Newsportal USENET - Re: OT: Re: Sieve of Erastosthenes optimized to the max

Vir Campestris <vir.campestris@invalid.invalid> writes:

I'm going to come back to this slightly earlier version, and add
comments inline.

Okay good deal. I'm taking out some parts that look like they
are no longer relevant.

On 10/08/2024 15:07, Tim Rentsch wrote:
>
Vir Campestris <vir.campestris@invalid.invalid> writes:
>
On 20/07/2024 15:41, Tim Rentsch wrote:
>
Vir Campestris <vir.campestris@invalid.invalid> writes:
>
On 02/07/2024 07:20, Tim Rentsch wrote:
>
[...]
>
Both divide and mod can be simplified if we use a different
representation for numbers. The idea is to separate the
number into a mod 30 part and divided by 30 part. An
arbitrary number N can be split into an ordered pair
>
   N/30 , N%30
>
stored in, let's say, an 8 byte quantity with seven bytes
for N/30 and one byte for N%30. Let me call these two
parts i and a for one number N, and j and b for a second
number M. Then two form N*M we need to find
>
   (i*30+a) * (j*30+b)
>
which is
>
   (i*30*j*30) + (i*30*b) + (j*30*a) + a*b
>
Of course we want to take the product and express it in
the form (product/30, product%30), which can be done by
>
   30*i*j + i*b + j*a + (a*b)/30,   (a*b)%30
>
The two numbers a and b are both under 30, so a*b/30 and
a*b%30 can be done by lookup in a small array.
>
   30*i*j + i*b + j*a + divide_30[a][b],   modulo_30[a][b]
>
Now all operations can be done using just multiplies and
table lookups.
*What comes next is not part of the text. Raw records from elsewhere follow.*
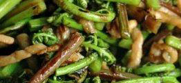取新鲜的猴腿菜国税切段,同时准备好切好的肉丝。在肉丝中加入酱油、淀粉、料酒等作料进行腌制,大概五分钟的时间比较合适。先炒肉丝,再加入猴腿菜。调味出锅,味道新鲜味美。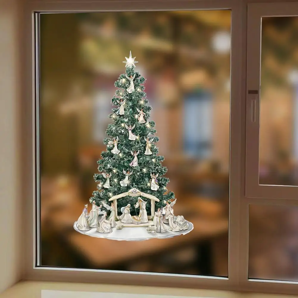 Настенная Наклейка, наклейка на окно, домашний декор, Рождественская декоративная наклейка из ПВХ с Иисусом, крестом Санта-Клаусом, рождественской елкой, наклейка на окно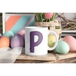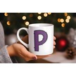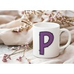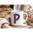 P Harfi Mor Puantiyeli Kupa Bardak - Polka Dot Tasarım Kahve Çay Bardak - Kişiye Özel Hediyelik Beyaz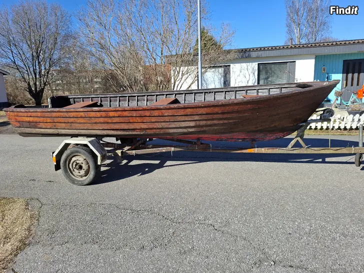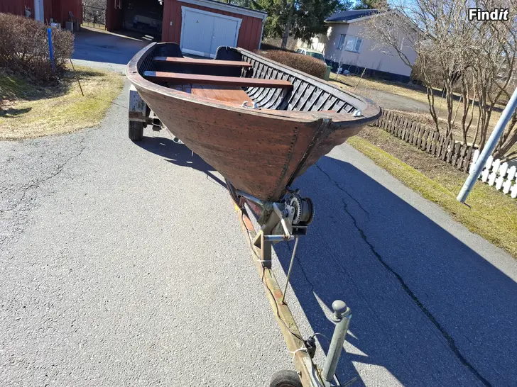 Båten är 5,15m lång och 1,83m bred. Byggår 1997. Köl och akter av lärkträd. Bord av furu, nitade. Ytbehandlad med tjära och linolja. Säljes som obehövlig, stått på land i ca 15 år.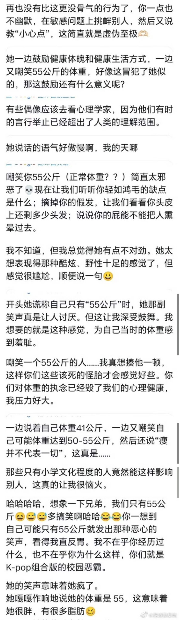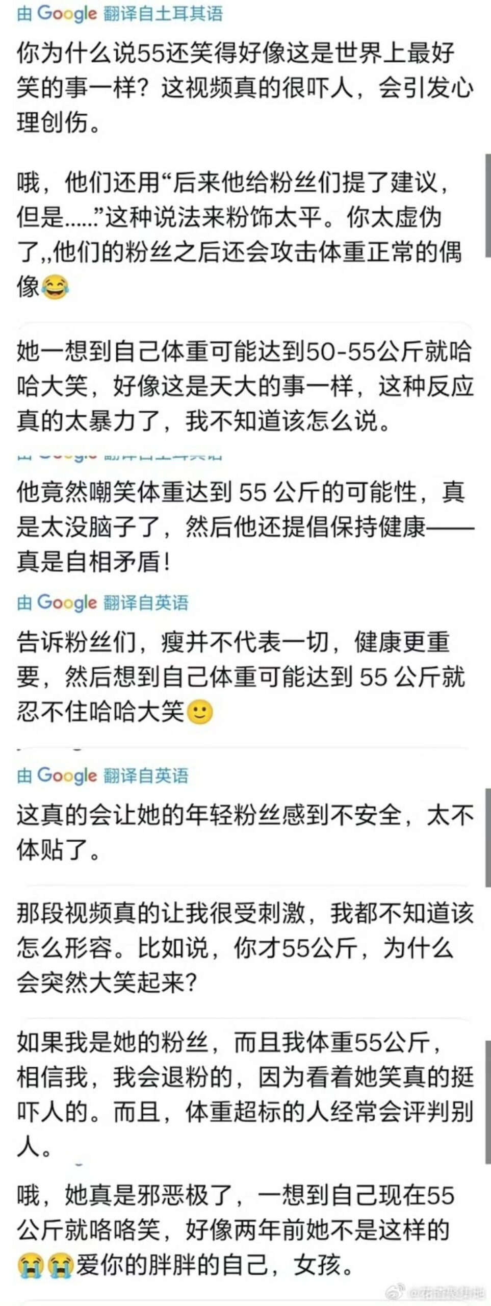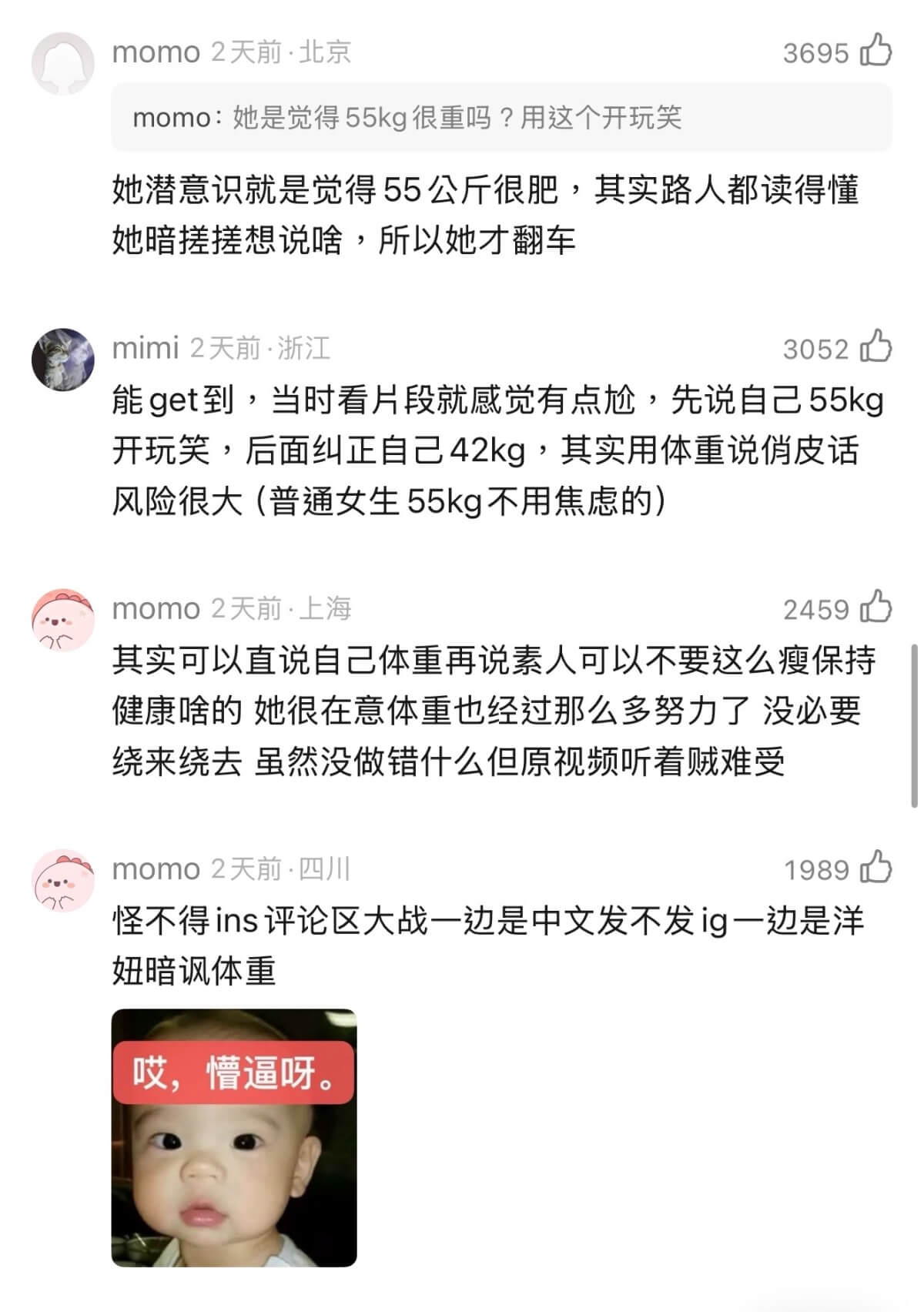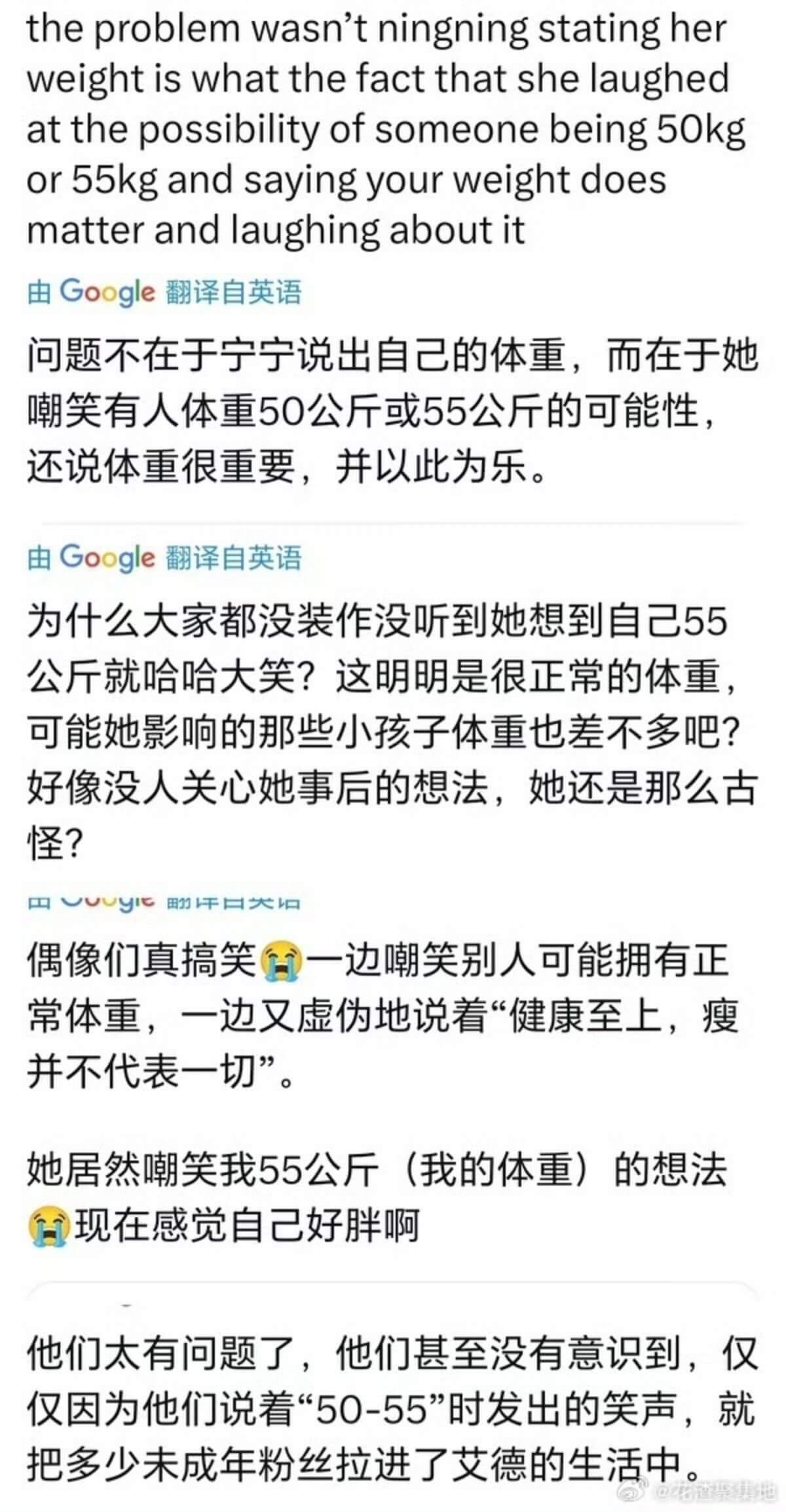 但在這期間,寧寧先是說了自己有55公斤,工作人員表示不相信,她狂笑了一頓之後才讓工作人員猜。也就是這個說反話的操作,在海外引起了極大的爭議,認為她將一個女孩的正常體重,視作為笑話!來看影片👇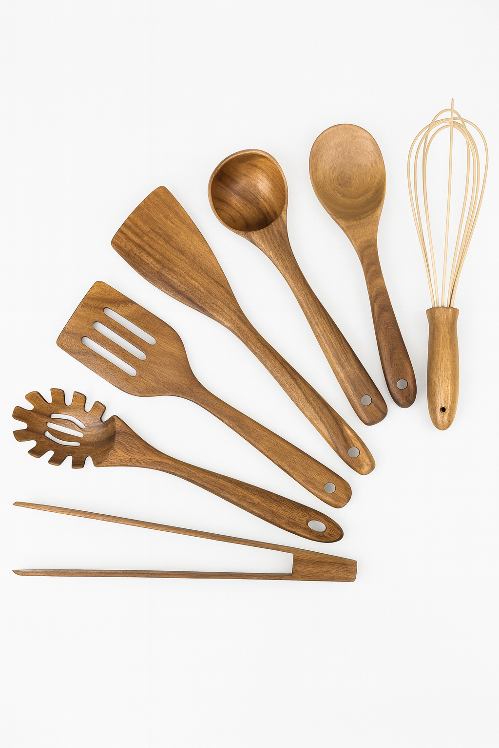 Terrachef to zestaw drewnianych akcesoriów kuchennych, który łączy klasyczne łyżki, łopatki i chochlę z trzepaczką do mieszania. Wykonane z litego drewna elementy są delikatne dla powłok nieprzywierających i odporne na wysoką temperaturę. Dzięki naturalnemu wykończeniu są nie tylko funkcjonalne, ale także estetyczne, nadając kuchni rustykalnego i przytulnego charakteru. Zestaw Terrachef to wszechstronny wybór do gotowania i serwowania posiłków.
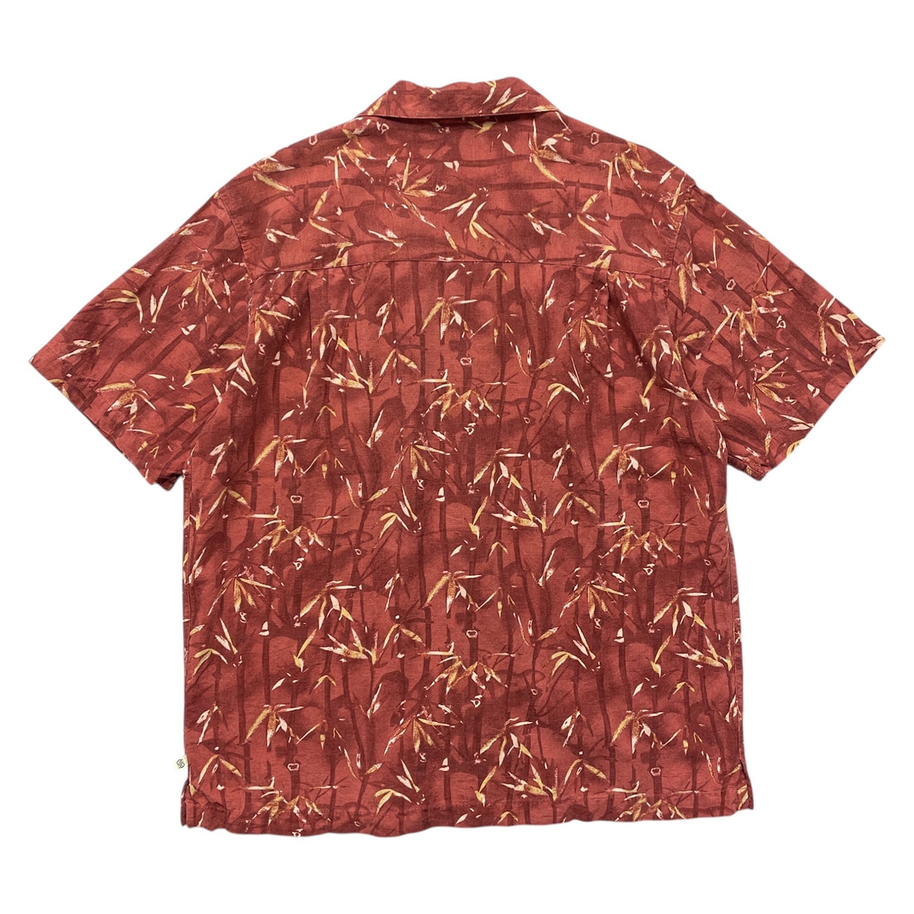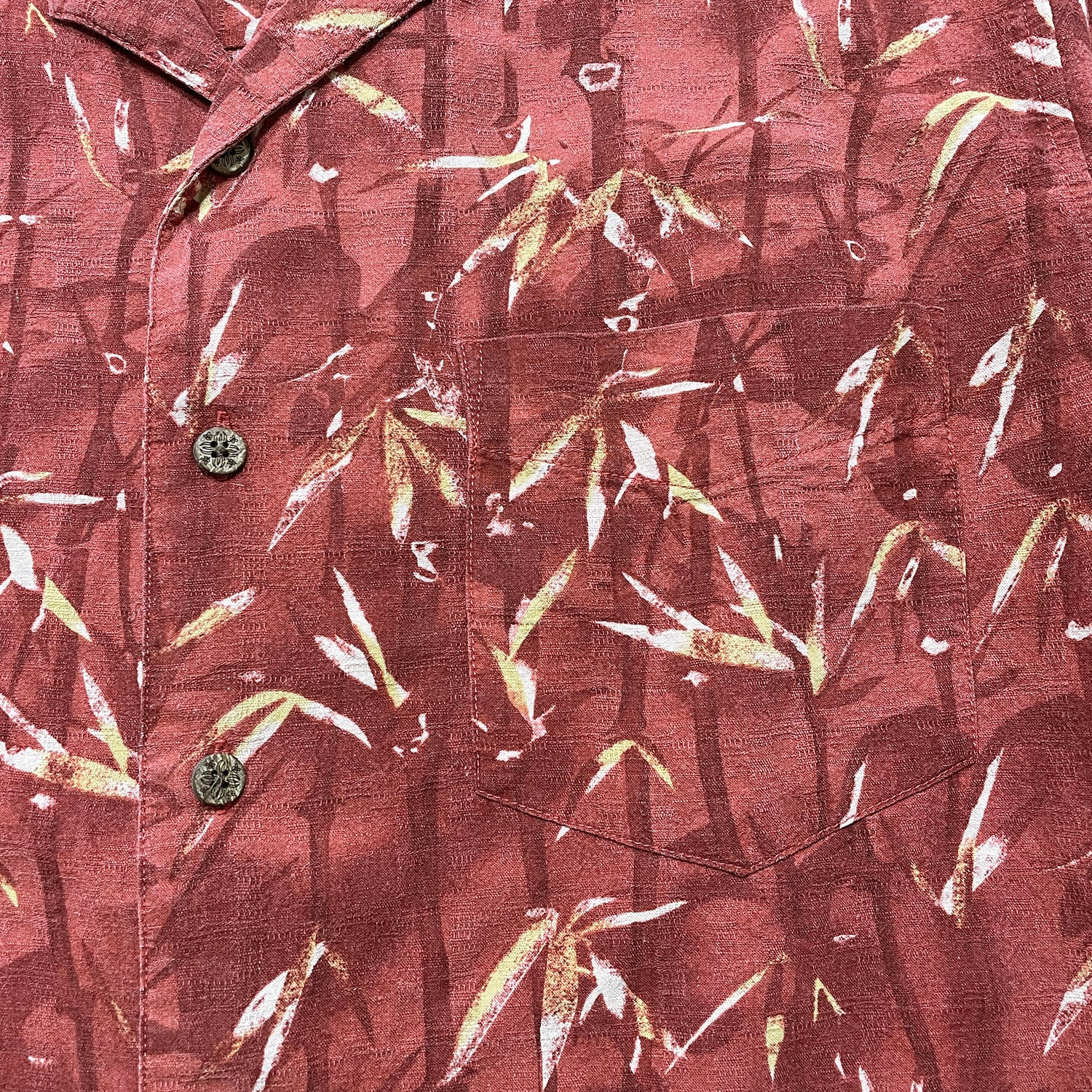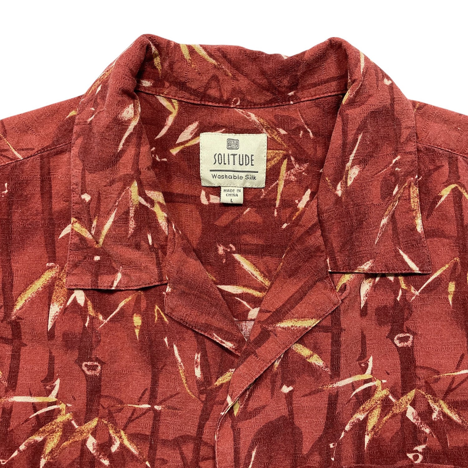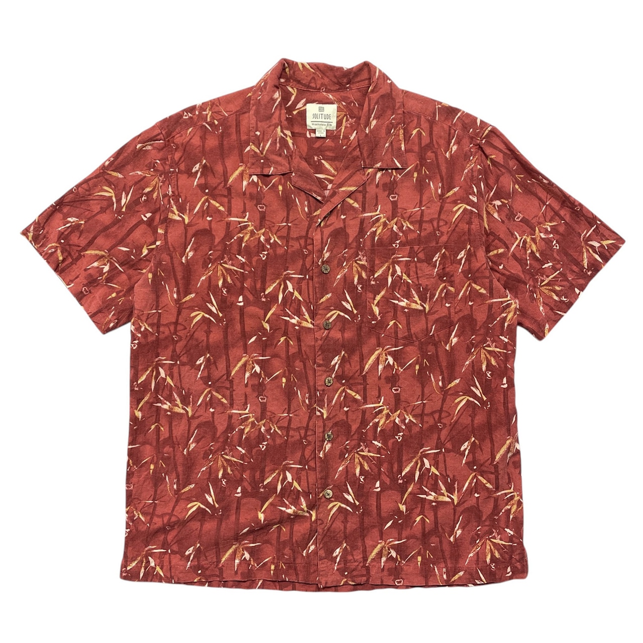 USA 古着 SOLITUDE ソリチュード シルク 開襟 アロハシャツ ハワイアンシャツ バンブー柄 竹 メンズL マルーン BF4118
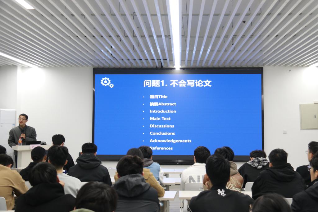 开营仪式结束后,由公司学术副经理严博作《关于科学研究能力提升的一些思考》专题培训,严博从研究生最困惑的七个核心问题出发,围绕论文撰写、文献检索、前沿动态把握、科学问题提出、实验设计、结果分析、创新点挖掘分享具体的方法和技巧,为研究生们指点迷津。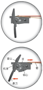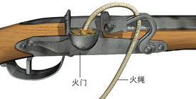 火绳枪上经过特殊处理的火绳能长期燃而不灭,通过转动扳机让绳头引燃火门中的发射药击发弹药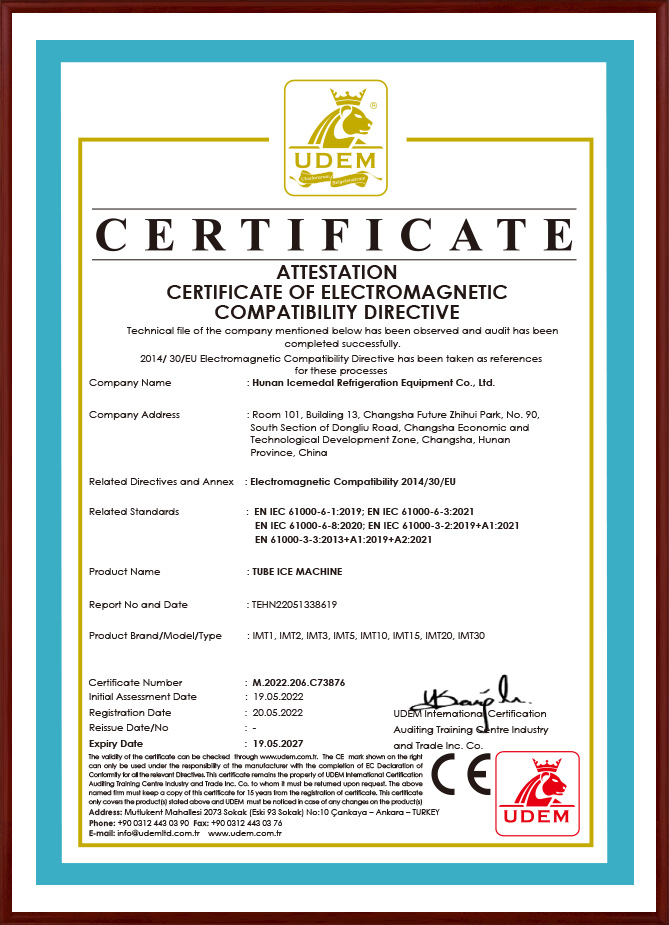 欧盟认证管冰机CE证书 冰砖机_方冰机_片冰机_管冰机_混凝土冷却降温设备_食用冰生产线_制冰机设备源头厂家_上海意昂体育制冷设备有限公司

Dividing by 30 is just taking the first
component; remainder 30 is just taking the second component.
>
One further refinement: for numbers relatively prime to 2,
3, and 5, there are only 8 possibles, so the modulo 30
component can be reduced to just three bits. That makes the
tables smaller, at a cost of needing a table lookup to find
and 'a' or 'b' part.
>
Does this all make sense?
>
Yes, it does. It's not a direction I was thinking of at all,
although I too had table lookups in mind.
>
What I had considered is an extrapolation from my original code.
>
I read the comments below in conjunction with getting a better
understanding of your original code, which is part of what took
me so long before responding. Before I get to the stuff below
(which I think I will save for a second reply), here is some code
expanding on what I said above. It should compile cleanly as is.
However, its purpose is to illustrate what I said above.
>
   typedef unsigned long NN, Index, Count, Mask;
   typedef unsigned char Byte;
>
I've been using uint64_t, not unsigned long. When I started C
unsigned long was 32 bits; I'm never quite sure what you'll get.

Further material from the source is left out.